Larry Lutz

No. 25 – California Golden Bears
- Position: Tackle
- Class: Graduate

Personal information
- Born: 1913
- Died: 1998 (aged 84–85)

Career information
- College: California (1933–1935);

Awards and highlights
- Consensus All-American (1935); 2× First-team All-PCC (1933, 1935);

= Larry Lutz =

American football player and coach (1913–1998)
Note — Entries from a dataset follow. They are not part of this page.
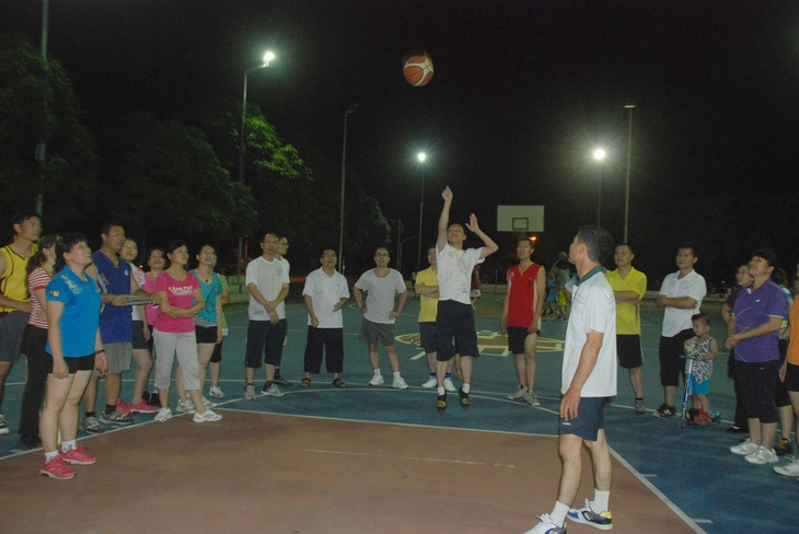 圖為良圻制糖的職工在進(jìn)行投籃比賽的情景。(莫燕選攝影報(bào)道)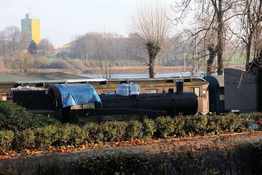 | 21.11.2011 - 13:15 Uhr - Kappeln/Schlei: Angelner Dampfeisenbahn Dampflok S1916 - Kesselreparatur - Einbau Schornstein Die Dampflok S1916 wird zurück in den Lokschuppen geschoben. Foto: Eckhard Schmidt - Kappeln - (C) 2011 |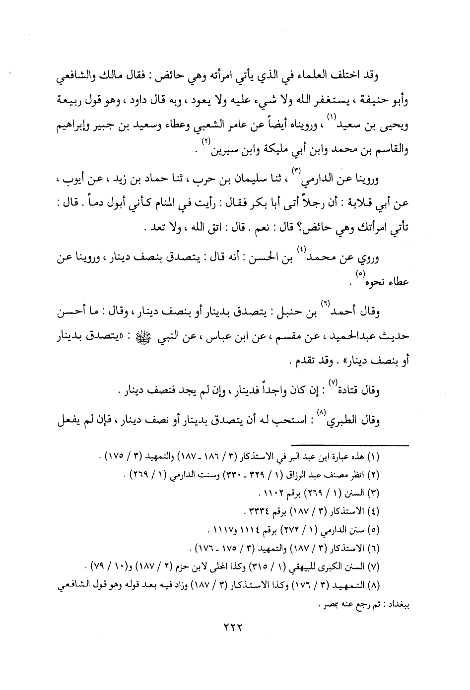 (¬1) هذه عبارة ابن عبد البر في الاستذكار (3/ 186 - 187) والتمهيد (3/ 175).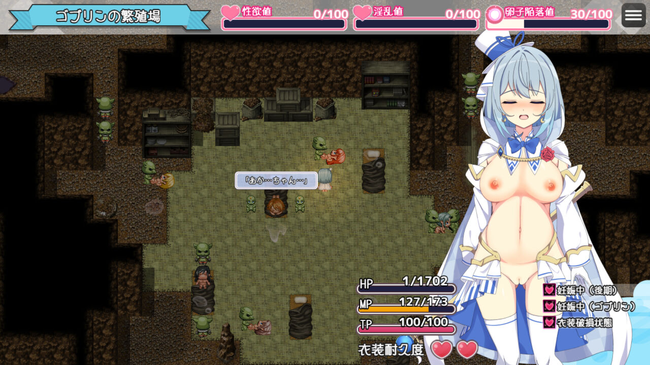 | ゴブリンの子を出産 | 2章 | 敗北後、繁殖場でのイベントを進める。 |

Lawrence H. Lutz (1913–1998) was an American football player and coach. He played for the California Golden Bears football team from 1933 and 1935. He was selected as a consensus All-American at the tackle position in 1935.

==Biography==
A native of Santa Ana, California, Lutz played football for Santa Ana High School and was selected as the California high school player of the year in 1931. Lutz next enrolled at the University of California, Berkeley. He played tackle for the California Golden Bears as a sophomore in 1933 and as a senior in 1935. He was unable to play in 1934 due to an injury. As a senior in 1935, he was selected as a first-team All-American by the Associated Press, the All-America Board (a board made up of Glenn "Pop" Warner, Christy Walsh, Elmer Layden, Howard Jones and Frank Thomas), the Central Press Association (selected based on the votes of 53 college football captains), and the Walter Camp Football Foundation. He was named a second-team All-American by the United Press and is considered a consensus All-American. In selecting Lutz as an All-American, Associated Press sports editor Alan Gould wrote: "Lutz stood out among linemen on the coast, tackling fiercely and fast enough to draw out for interference when advantageous." At the end of the 1935 season, Lutz's teammates voted Lutz as the honorary captain of the 1935 team. Selected in the 1936 NFL draft, Lutz turned down an offer to play professional football with the Boston Redskins, opting to remain at the University of California as an assistant football coach working with head coach Stub Allison. Lutz also played for the Salinas Iceberg Packers from 1936 to 1937 and for the St. Mary's Pre-Flight Air Devils in 1942. Some accounts indicate he may have also played for the Calgary Bronks in the Canadian Rugby League.